A faithful copy of the data below is required, leaving out every picture.

Records from a dataset:
· · · · · · ·
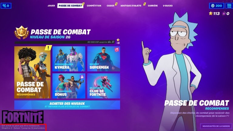La saison 7 de Fortnite Chapitre 2 se terminera le 12 septembre 2021, avec le passe de combat actuel et les défis hebdomadaires de Fortnite qui se terminent comme prévu. L’information est disponible sur le Passe de combat, vous pouvez la trouver en bas à gauche de votre écran au sein du jeu.
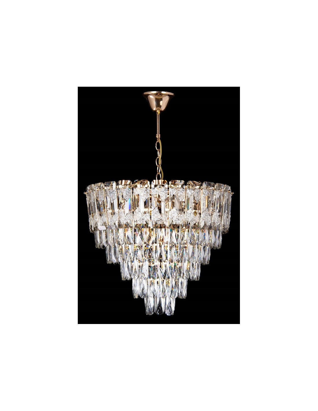 Wykonana z wysokiej jakości materiałów, lampa charakteryzuje się zastosowaniem kryształków zawieszonych na stylowych łańcuszkach, które nie tylko podkreślają jej wyjątkowy design, ale również efektywnie rozpraszają światło, tworząc niezwykle estetyczne doznania. Ta lampa nie tylko udekoruje każde pomieszczenie, ale także stworzy niepowtarzalny klimat, idealny na wesela, w eleganckich hotelach czy innych przestrzeniach wymagających wyjątkowego oświetlenia.
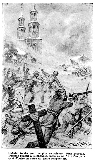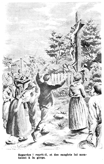 Quand nous arrivâmes, le prêtre était en prière. Des voisins, hommes et femmes, garçons et filles, agenouillés sur le plancher nu, suivaient ses mouvements avec curiosité. Nous fîmes comme les autres. Nous avions, par respect pour le bon Dieu, laissé le fusil et le hibou sur le perron de pierre, tout près de la porte. Sur une petite table recouverte d'un drap blanc, on avait placé un crucifix de plâtre et deux pâles bougies. Le crucifix portait de larges taches rouges sur le front, sur le côté, sur les mains et les pieds, et les bougies répandaient dans la pièce basse une lueur mélancolique.
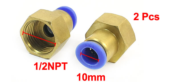 2Pcs 10mm Tube 1/2NPT Female Thread Dia Pneumatic Quick Fitting Coupler
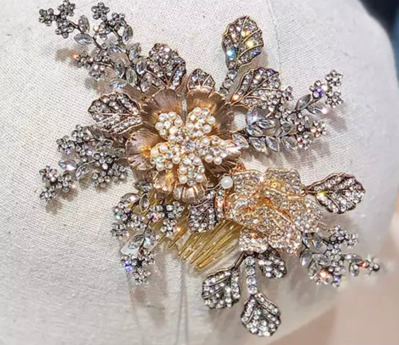 Description: The Grace hair comb is made up of pearls and has golden leaf details throughout as well as two floral stems in front.
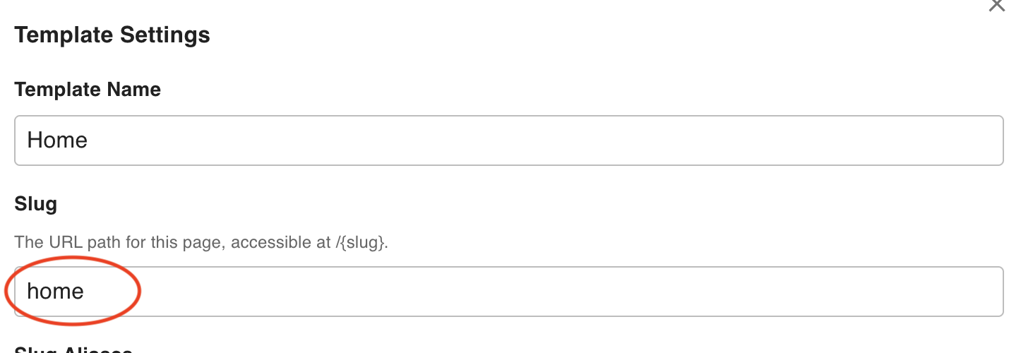 To set a template as the home page, open its Template Settings and set the slug to home.
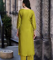 Green satin embroidery kurta pant set with banarasi dupatta for women stitched
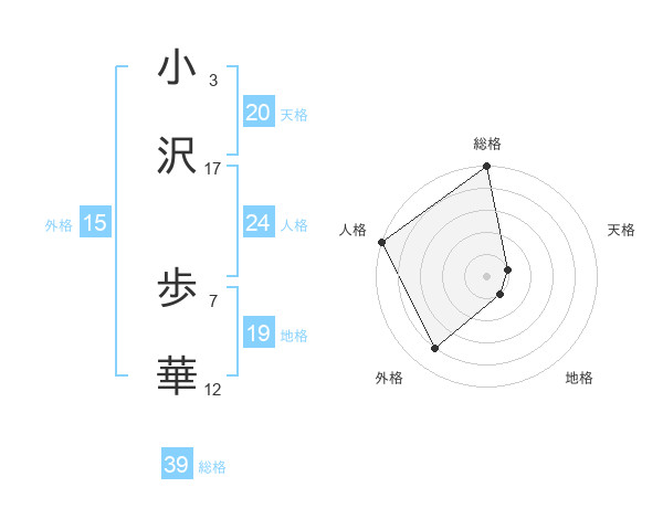 小沢 歩華さんを姓名の画数から五運を鑑定
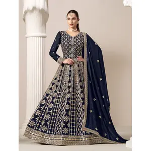 Navy Blue Embroidered Faux Georgette...
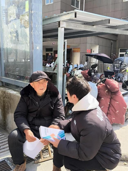图为张新盟同学向老人普及高血压知识
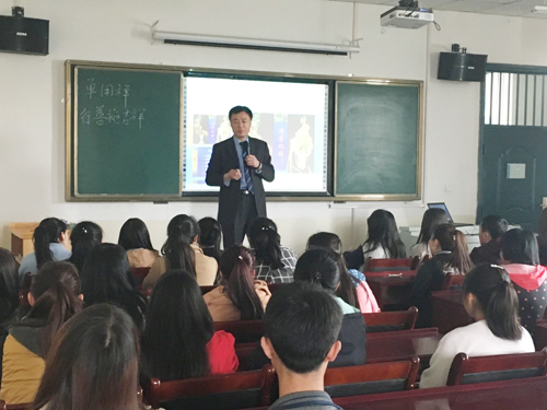 3月19日下午,我院校外专家、山东威龙葡萄酒公司高级顾问单用祥教授在食品科学系多媒体教室给食品生物技术和园艺技术专业15级学生做专题讲座。 单教授结合山东威龙葡萄酒公司的发展历程,用大量实例性图文,深入浅出、精彩地讲解了葡萄酒产业的兴起、发展现状、发展趋势等方面的知识。 (食品科学系 王光耀报道)
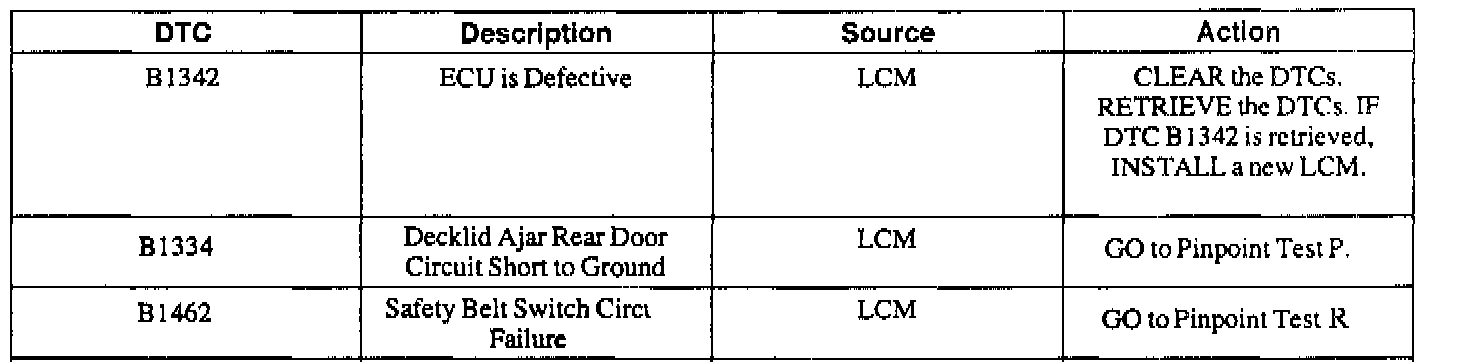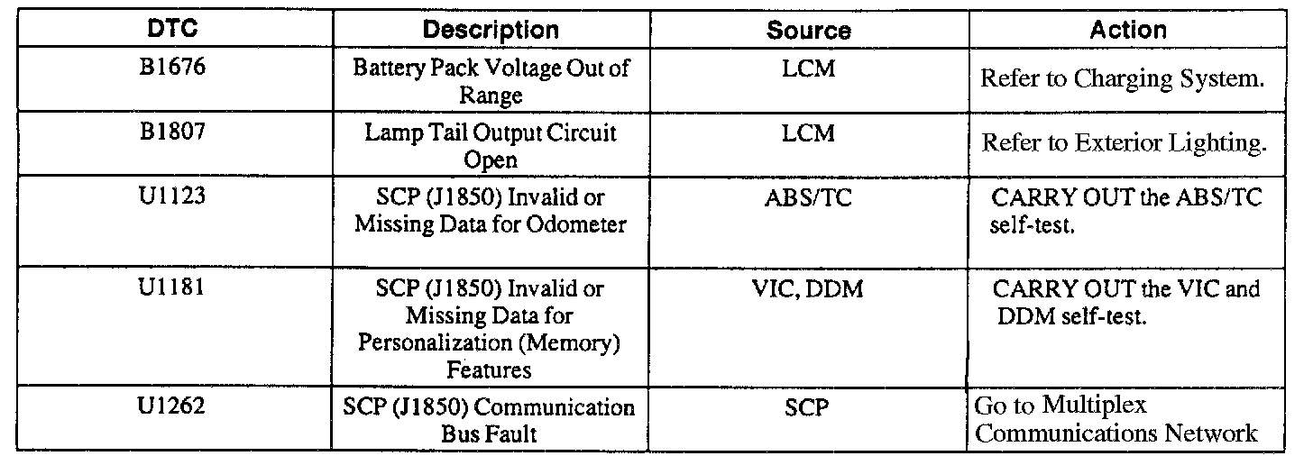 Lighting Control Module (LCM) Diagnostic Trouble Code (DTC) Index
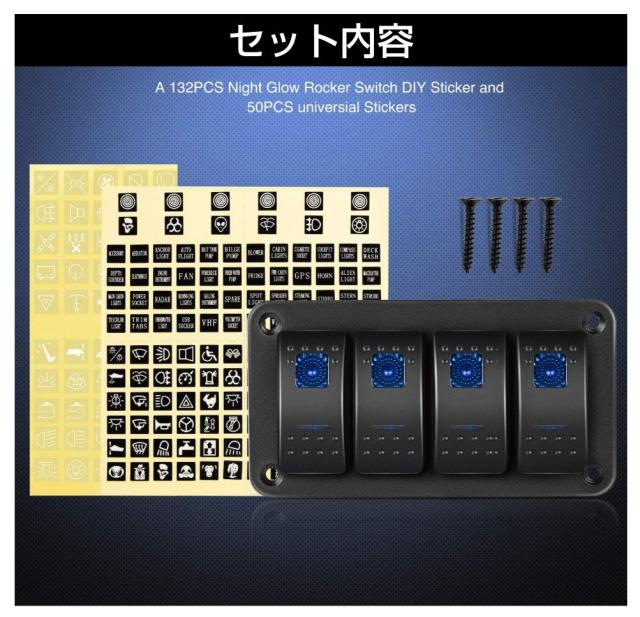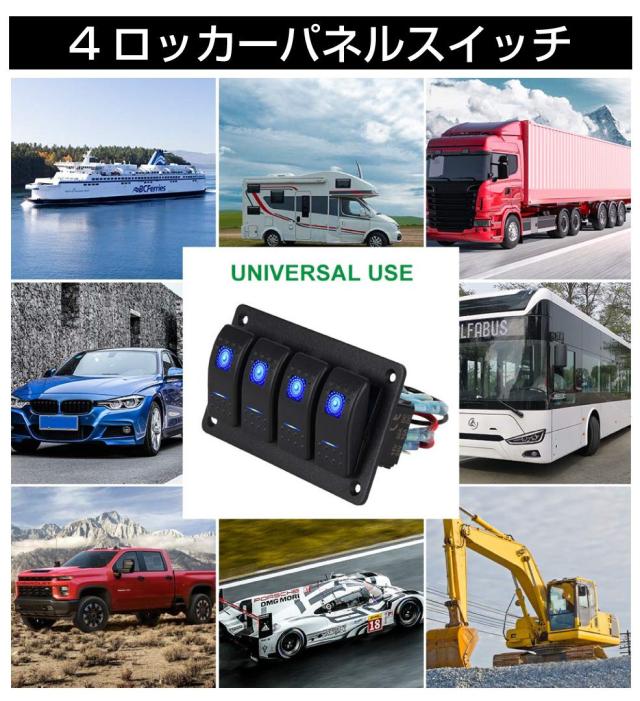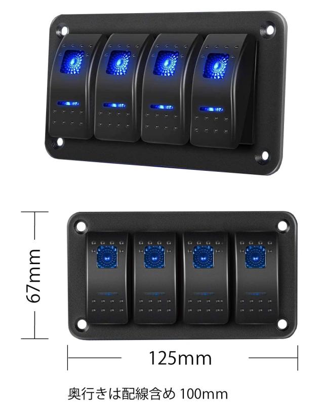 ・キャンピングカーからボート、トラックや普通車まで幅広く使用できるスイッチパネルです。 ・このパネル一つで4つの電装品のON/OFFを管理できる4連ロッカースイッチです。 ・LEDの配線を繋げばブルー発光のLEDがスイッチを彩ります。 ・スイッチ部分は防水仕様なので船上でも安心してご使用いただけます。 |
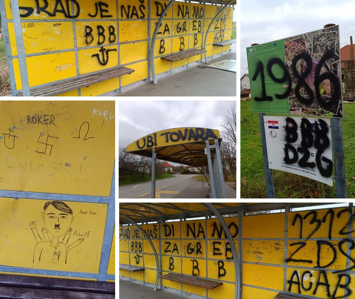 U noći sa subote na nedjelju autobusne kućice uz Osnovnu školu Čazma ponovno su osvanule devastirane. Nacrtano je ustaško znakovlje, Hitlerov lik, parole mržnje i oznake poput “ZDS”, a oštećeni su i stupovi javne rasvjete te dijelovi školske imovine. No vidljiva šteta samo je površina problema koji se ondje ponavlja godinama.
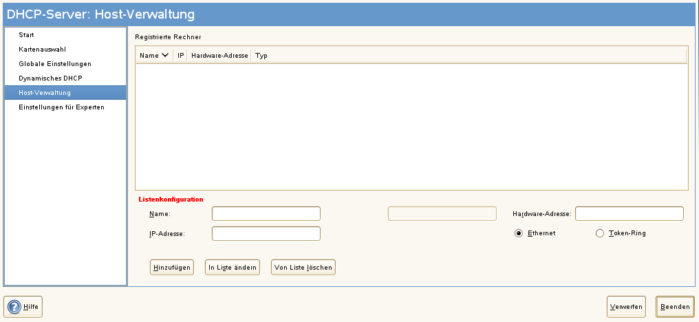 Abbildung 17-5 DHCP-Server: Host-Verwaltung
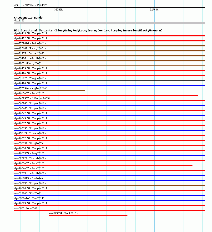 Outerchr6:32742539..32744525hg17UCSC Ensembl
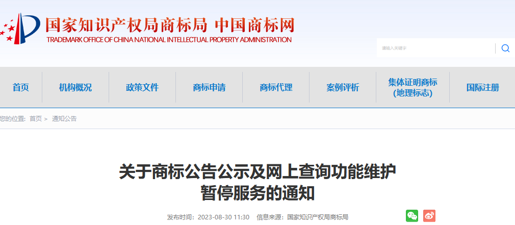 关于商标公告公示及网上查询功能维护暂停服务的通知
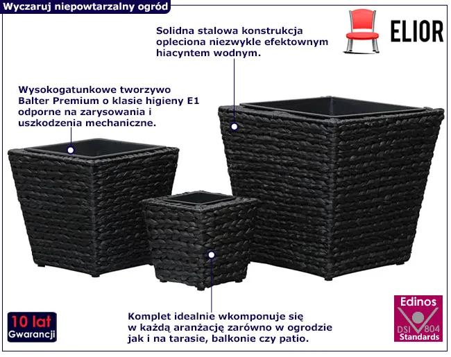 Dotyczy: Komplet 3 brązowych donic z hiacyntu wodnego - Heron
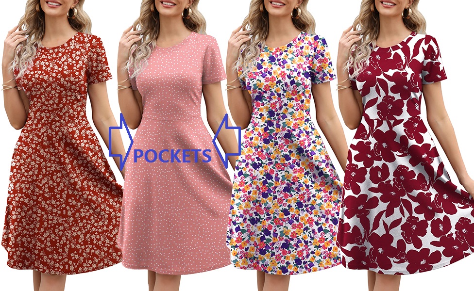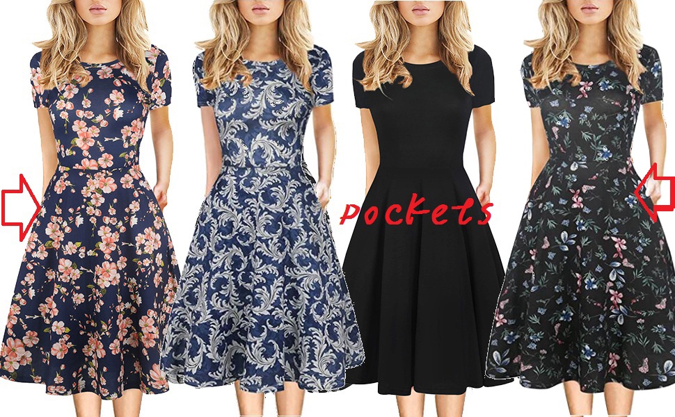 الميزات: فساتين مناسبة ومتوهجة للنساء، فستان تونيك زهري مع جيوب. فستان بطباعة الزهور لربيع وصيف. تصميم أنيق وبسيط، والعديد من الألوان الأساسية الصلبة. ضرورة لكل خزانة الملابس. يمكن ارتداؤه في العديد من المناسبات حسب ما تزينينه.
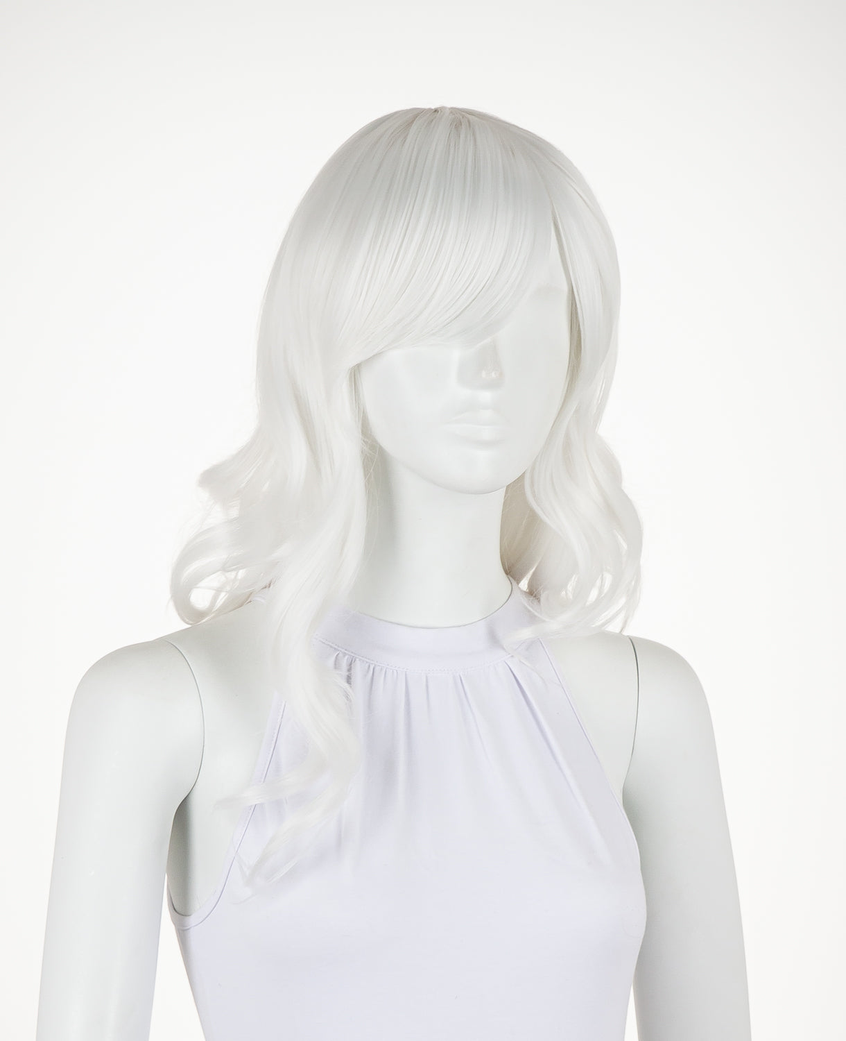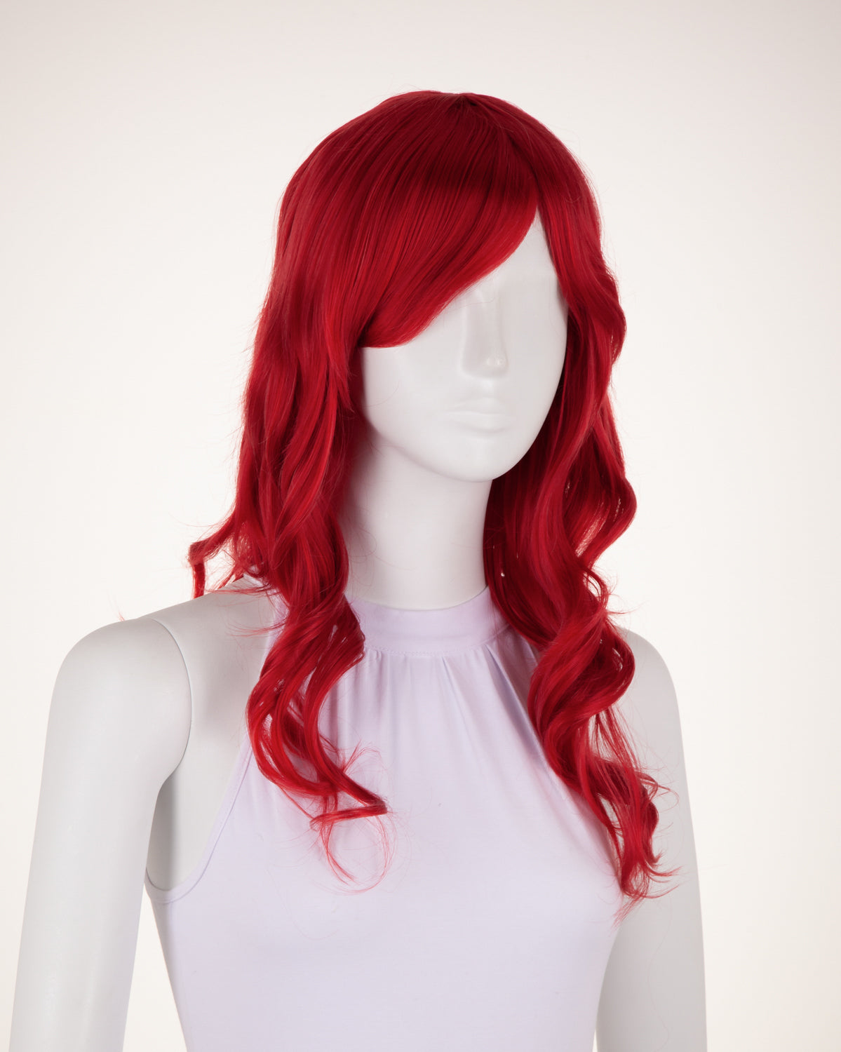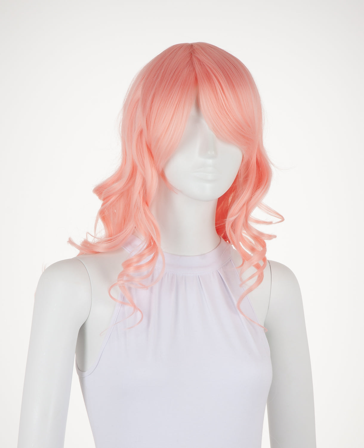 Ferrari is a medium-length wavy wig that measures slightly less than 23" (58.5 cm). This wig is great for cosplay and everyday wear. It has a 1" (2.5 cm) skin top at the crown and long bangs. This wig is thick enough for low ponytails or buns, but is not suitable for a high up-do without re-wefting.
· · · · · · ·
◆ FINISHED TASK:
La saison 7 de Fortnite Chapitre 2 se terminera le 12 septembre 2021, avec le passe de combat actuel et les défis hebdomadaires de Fortnite qui se terminent comme prévu. L’information est disponible sur le Passe de combat, vous pouvez la trouver en bas à gauche de votre écran au sein du jeu.
 Wykonana z wysokiej jakości materiałów, lampa charakteryzuje się zastosowaniem kryształków zawieszonych na stylowych łańcuszkach, które nie tylko podkreślają jej wyjątkowy design, ale również efektywnie rozpraszają światło, tworząc niezwykle estetyczne doznania. Ta lampa nie tylko udekoruje każde pomieszczenie, ale także stworzy niepowtarzalny klimat, idealny na wesela, w eleganckich hotelach czy innych przestrzeniach wymagających wyjątkowego oświetlenia.
 Quand nous arrivâmes, le prêtre était en prière. Des voisins, hommes et femmes, garçons et filles, agenouillés sur le plancher nu, suivaient ses mouvements avec curiosité. Nous fîmes comme les autres. Nous avions, par respect pour le bon Dieu, laissé le fusil et le hibou sur le perron de pierre, tout près de la porte. Sur une petite table recouverte d'un drap blanc, on avait placé un crucifix de plâtre et deux pâles bougies. Le crucifix portait de larges taches rouges sur le front, sur le côté, sur les mains et les pieds, et les bougies répandaient dans la pièce basse une lueur mélancolique.
 2Pcs 10mm Tube 1/2NPT Female Thread Dia Pneumatic Quick Fitting Coupler
 Description: The Grace hair comb is made up of pearls and has golden leaf details throughout as well as two floral stems in front.
 To set a template as the home page, open its Template Settings and set the slug to home.
 Green satin embroidery kurta pant set with banarasi dupatta for women stitched
 小沢 歩華さんを姓名の画数から五運を鑑定
 Navy Blue Embroidered Faux Georgette...
图为张新盟同学向老人普及高血压知识
 3月19日下午,我院校外专家、山东威龙葡萄酒公司高级顾问单用祥教授在食品科学系多媒体教室给食品生物技术和园艺技术专业15级学生做专题讲座。 单教授结合山东威龙葡萄酒公司的发展历程,用大量实例性图文,深入浅出、精彩地讲解了葡萄酒产业的兴起、发展现状、发展趋势等方面的知识。 (食品科学系 王光耀报道)
 Lighting Control Module (LCM) Diagnostic Trouble Code (DTC) Index
 ・キャンピングカーからボート、トラックや普通車まで幅広く使用できるスイッチパネルです。 ・このパネル一つで4つの電装品のON/OFFを管理できる4連ロッカースイッチです。 ・LEDの配線を繋げばブルー発光のLEDがスイッチを彩ります。 ・スイッチ部分は防水仕様なので船上でも安心してご使用いただけます。 |
 U noći sa subote na nedjelju autobusne kućice uz Osnovnu školu Čazma ponovno su osvanule devastirane. Nacrtano je ustaško znakovlje, Hitlerov lik, parole mržnje i oznake poput “ZDS”, a oštećeni su i stupovi javne rasvjete te dijelovi školske imovine. No vidljiva šteta samo je površina problema koji se ondje ponavlja godinama.
 Abbildung 17-5 DHCP-Server: Host-Verwaltung
 Outerchr6:32742539..32744525hg17UCSC Ensembl
 关于商标公告公示及网上查询功能维护暂停服务的通知
 Dotyczy: Komplet 3 brązowych donic z hiacyntu wodnego - Heron
 الميزات: فساتين مناسبة ومتوهجة للنساء، فستان تونيك زهري مع جيوب. فستان بطباعة الزهور لربيع وصيف. تصميم أنيق وبسيط، والعديد من الألوان الأساسية الصلبة. ضرورة لكل خزانة الملابس. يمكن ارتداؤه في العديد من المناسبات حسب ما تزينينه.
 Ferrari is a medium-length wavy wig that measures slightly less than 23" (58.5 cm). This wig is great for cosplay and everyday wear. It has a 1" (2.5 cm) skin top at the crown and long bangs. This wig is thick enough for low ponytails or buns, but is not suitable for a high up-do without re-wefting.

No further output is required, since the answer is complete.